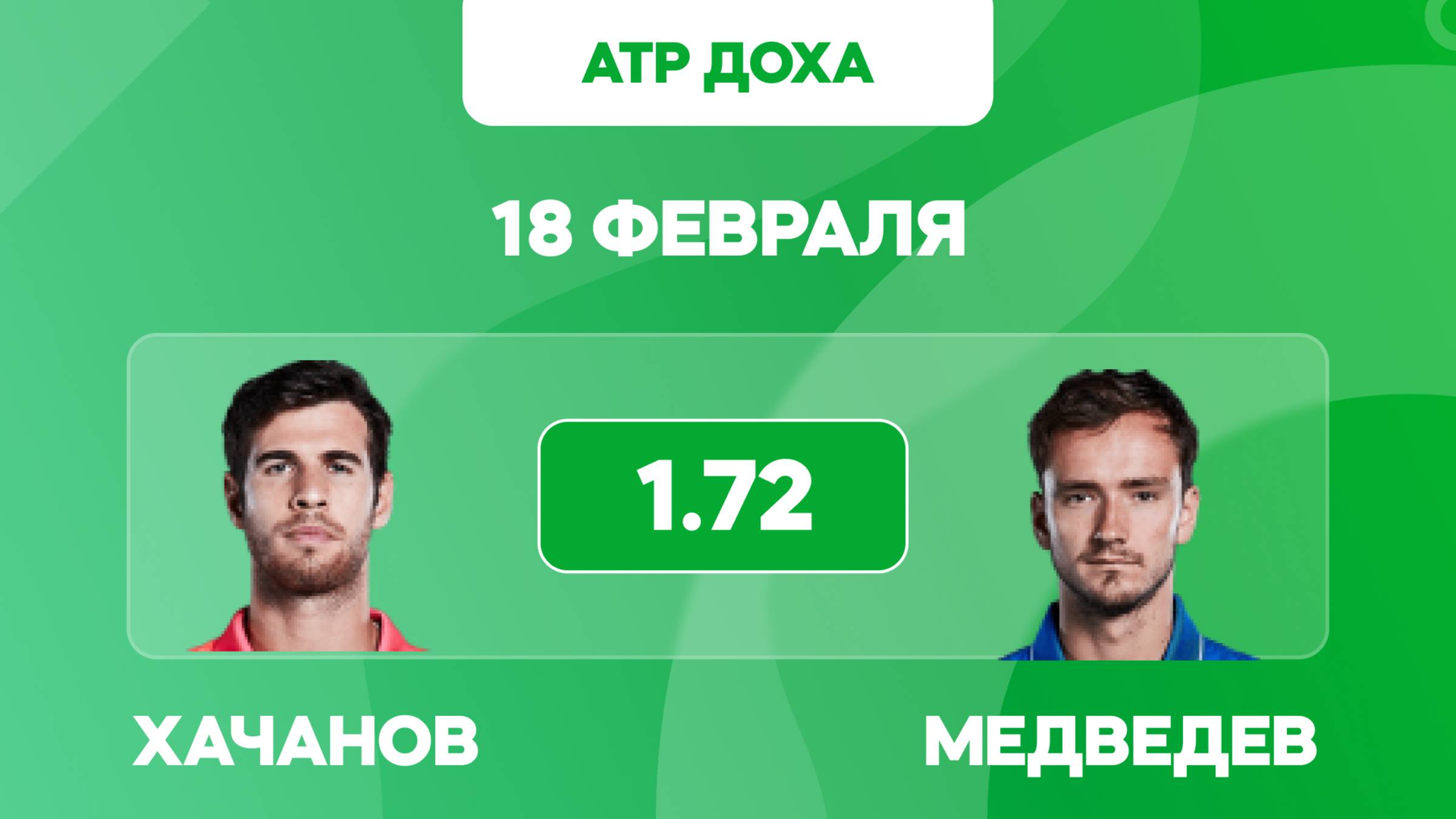 Прогноз на матч Хачанов - Медведев / Доха - 18 февраля. Наш сайт - https://overbetting.ru
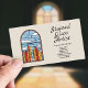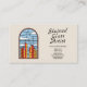 Tarjetas de visita con el ilustracion de mano de una vidriera con un cielo azul, nubes blancas y edificios rojos y amarillos: perfecto para un artista de vidrio teñido, pero también diseño interior, florista, artista, planificador de bodas, etc.
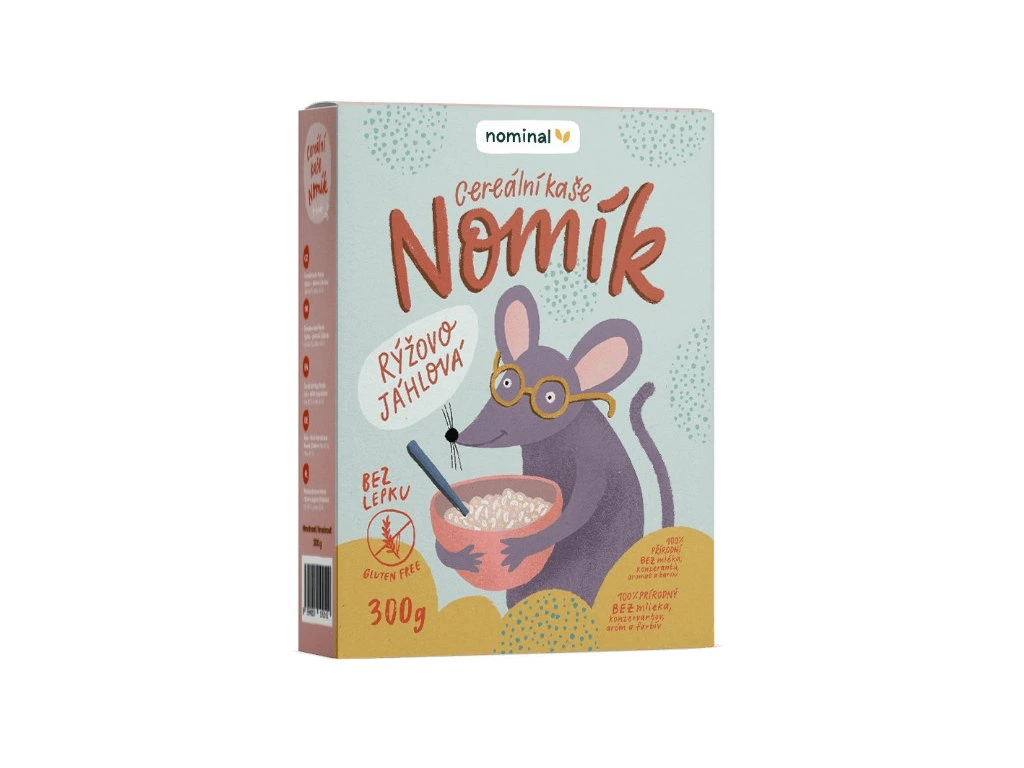 Bezlepkové cereální kaše Nomík je vyrobena ze dvou přirozeně bezlepkových surovin, jáhel a rýže. Protože k její výrobě je použita rýže loupaná (bílá), má nížší obsah vlákniny a je velmi šetrným zdrojem energie ve formě komplexních sacharidů. Díky těmto vlastnostem je vhodná i pro ty, kteří ze zdravotních důvodů musí množství vlákniny ve stravě omezit. Kaše má jemnou konzistenci, příjemnou chuť a lehkou stravitelnost.
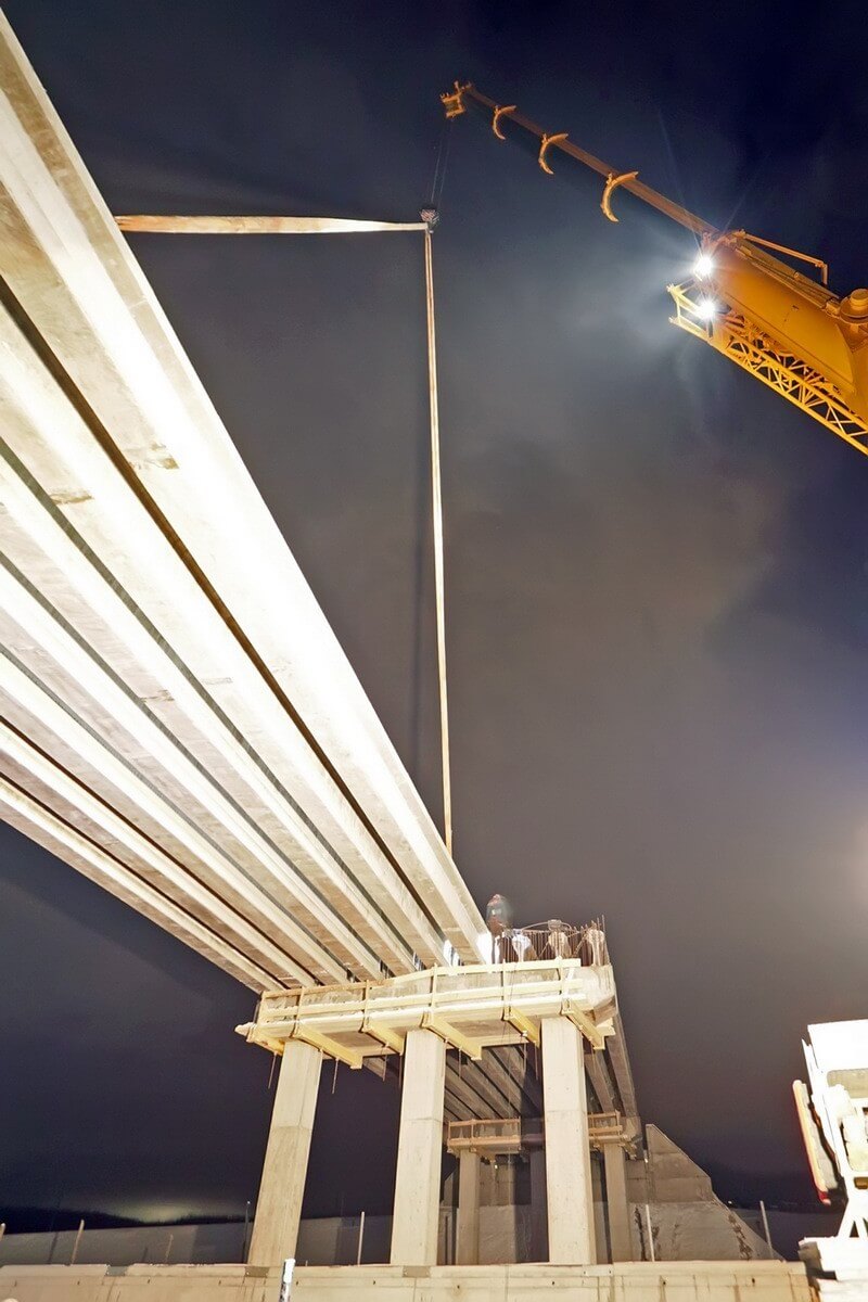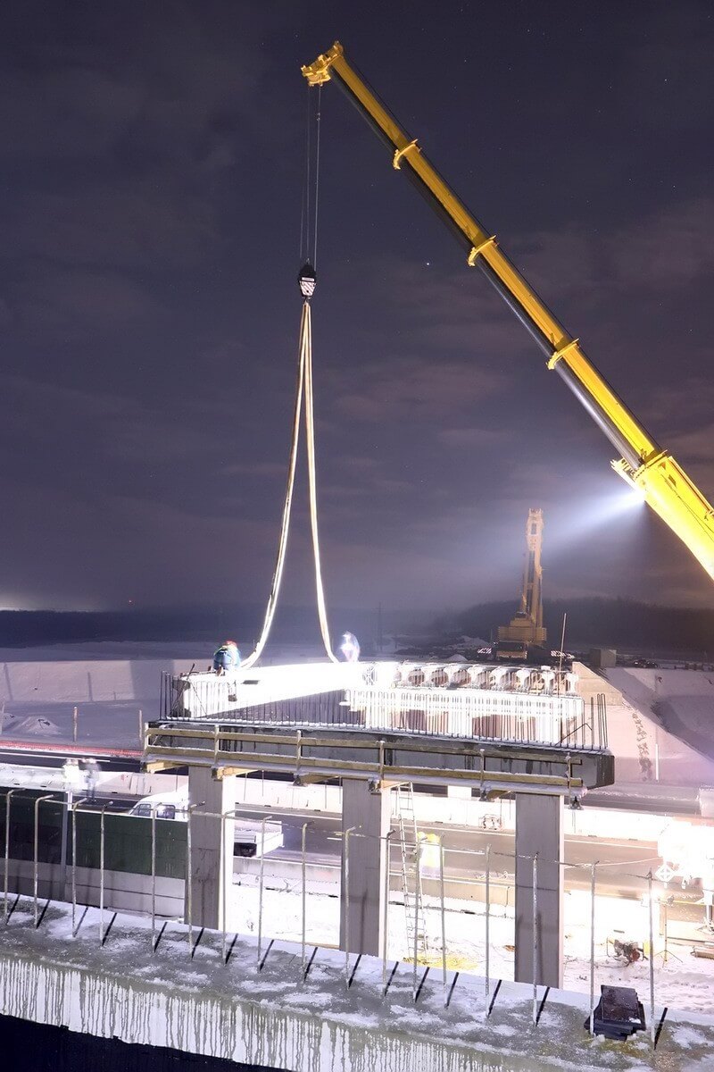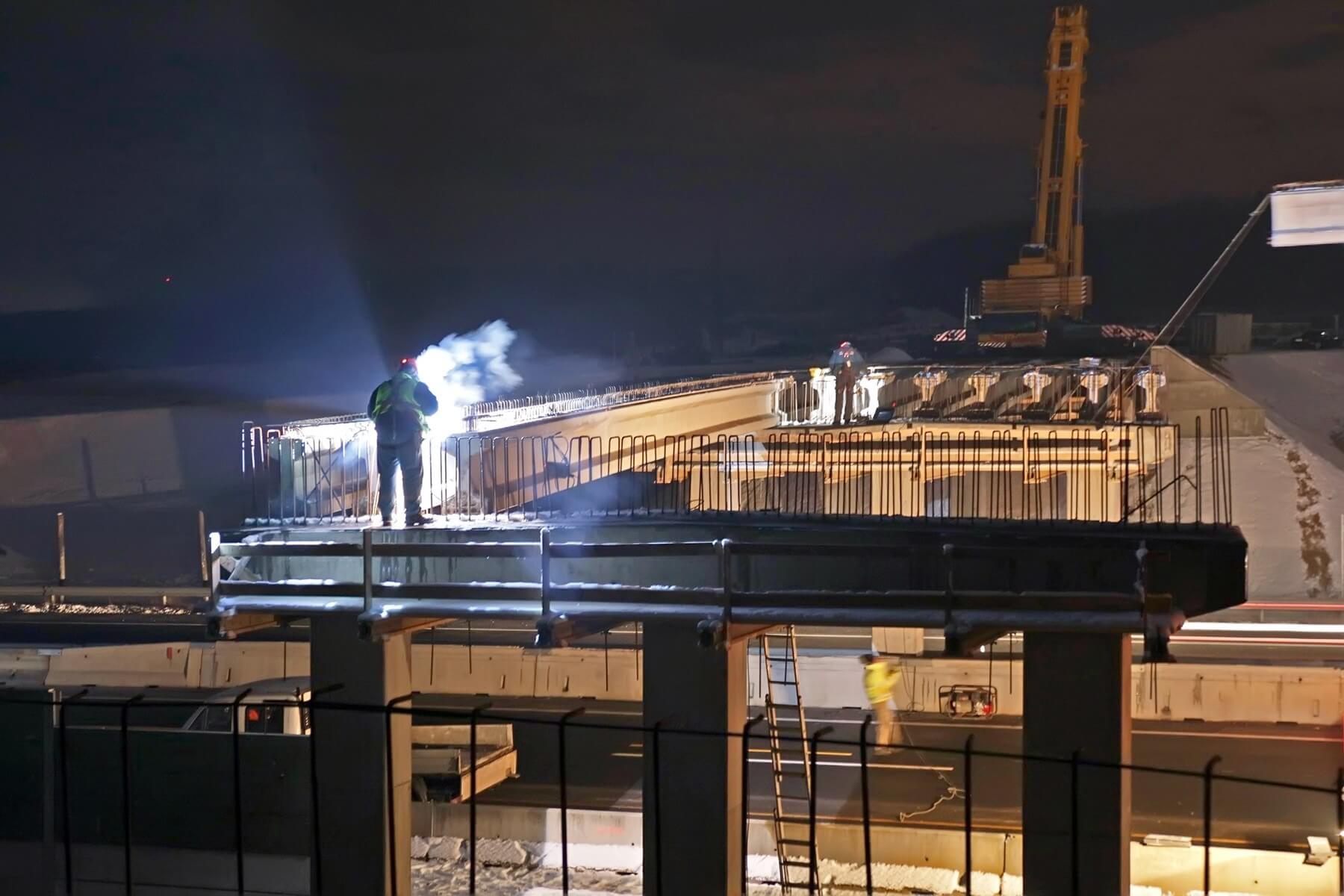 A KM Építő a műszaki előrehaladás miatt és technológiai okokból is fontosnak vélte a gerendák mihamarabbi beemelését, ezért mindent megtett a téli üzem alatt is megfelelő ideiglenes forgalmi rendért és organizációért.
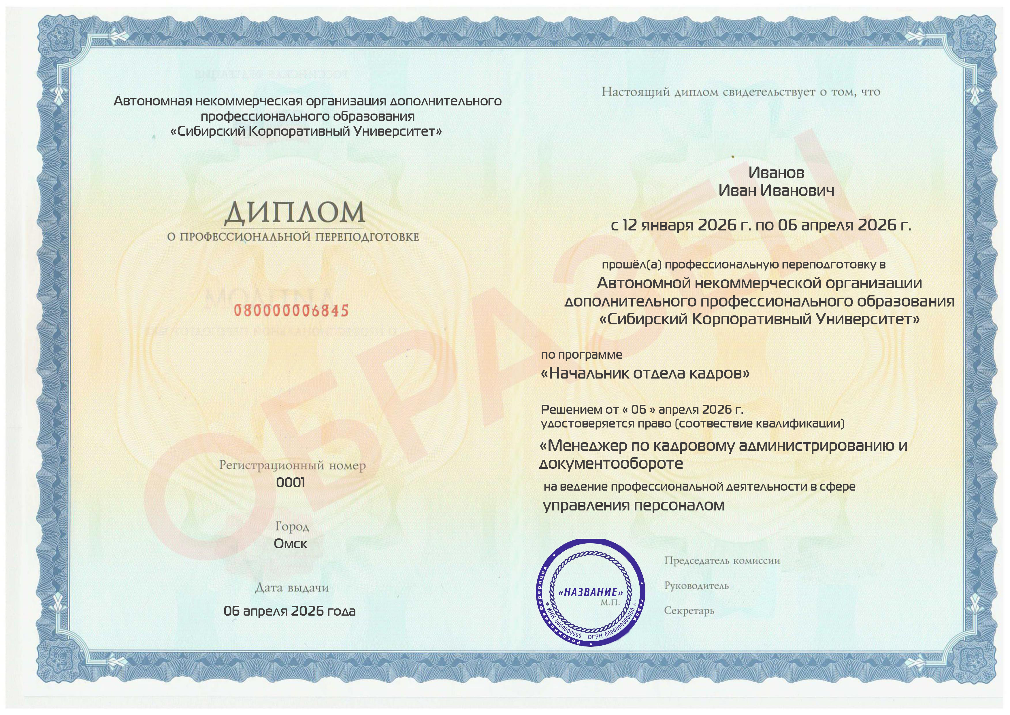 - Дополнительное профессиональное образование — программы переподготовки в области управления персоналом
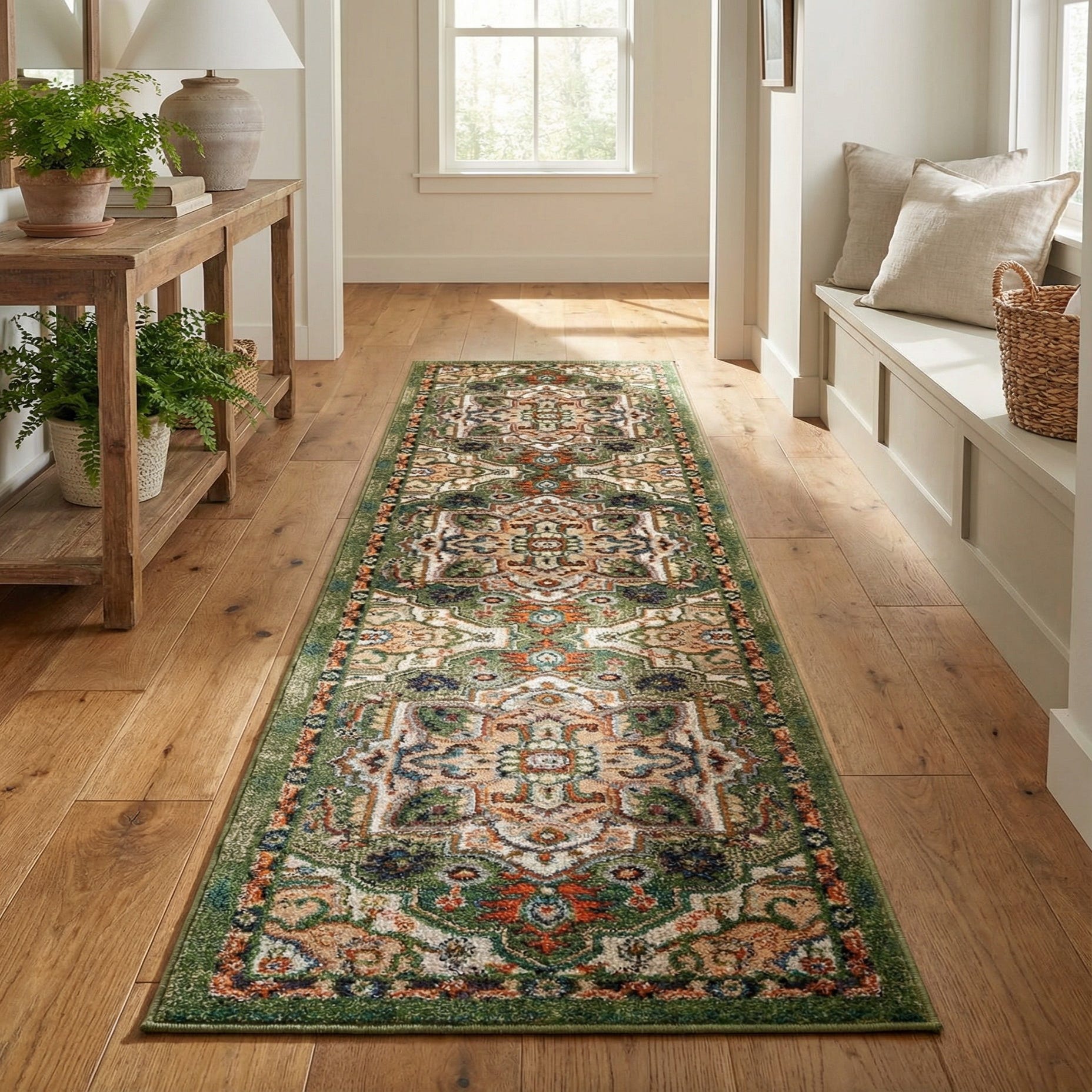 Primary color is Fern Green. Colors in this rug include: Fern Green, Beige, Blue, Gray, Hunter Green, Ivory, Light Blue, Navy Blue, Orange, Red, Purple, Plum Red, Peach.
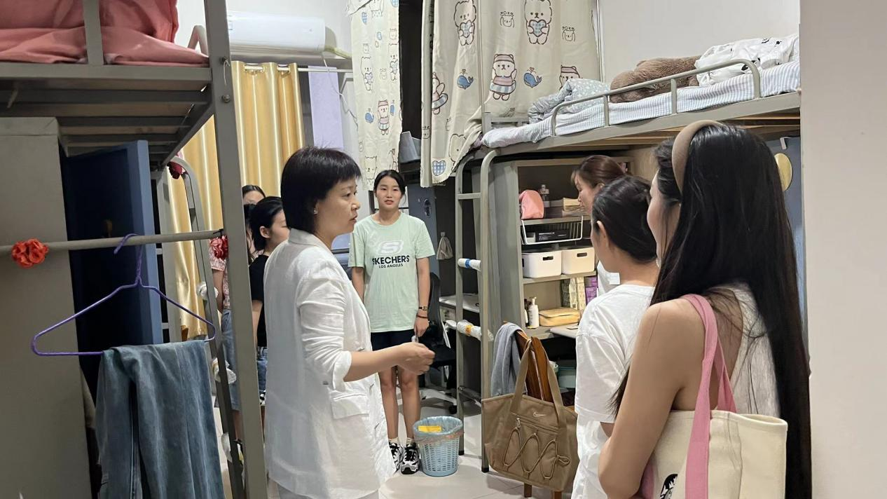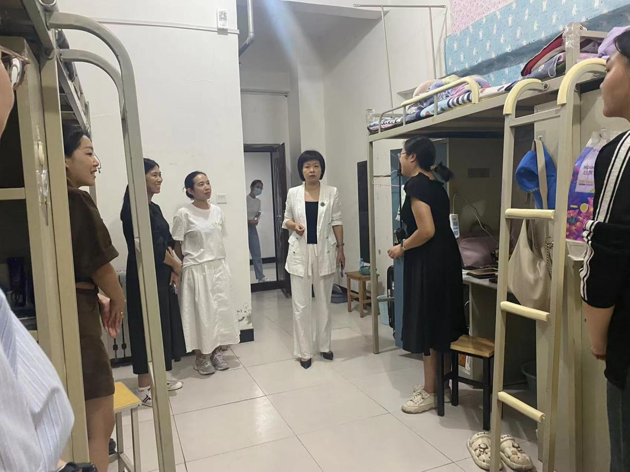 为及时了解2023级新生入校情况及思想动态,努力为同生们营造安全、安静、整洁、文明的学习和生活环境,引导大家尽快适应研究生生活,护理学院王丽娜副院长、研究生管理办公室负责人张会敏老师、研究生兼职辅导员高晓磊老师于9月4日晚走进学生公寓,检查住宿保障工作,看望慰问新生。

* [Task requirements] Please, without any of the pictures, set down exactly the lines from the beginning of the listing to the line that contains "Tarjetas de visita", inclusive.

* [Result for this task]
 Прогноз на матч Хачанов - Медведев / Доха - 18 февраля. Наш сайт - https://overbetting.ru
 Tarjetas de visita con el ilustracion de mano de una vidriera con un cielo azul, nubes blancas y edificios rojos y amarillos: perfecto para un artista de vidrio teñido, pero también diseño interior, florista, artista, planificador de bodas, etc.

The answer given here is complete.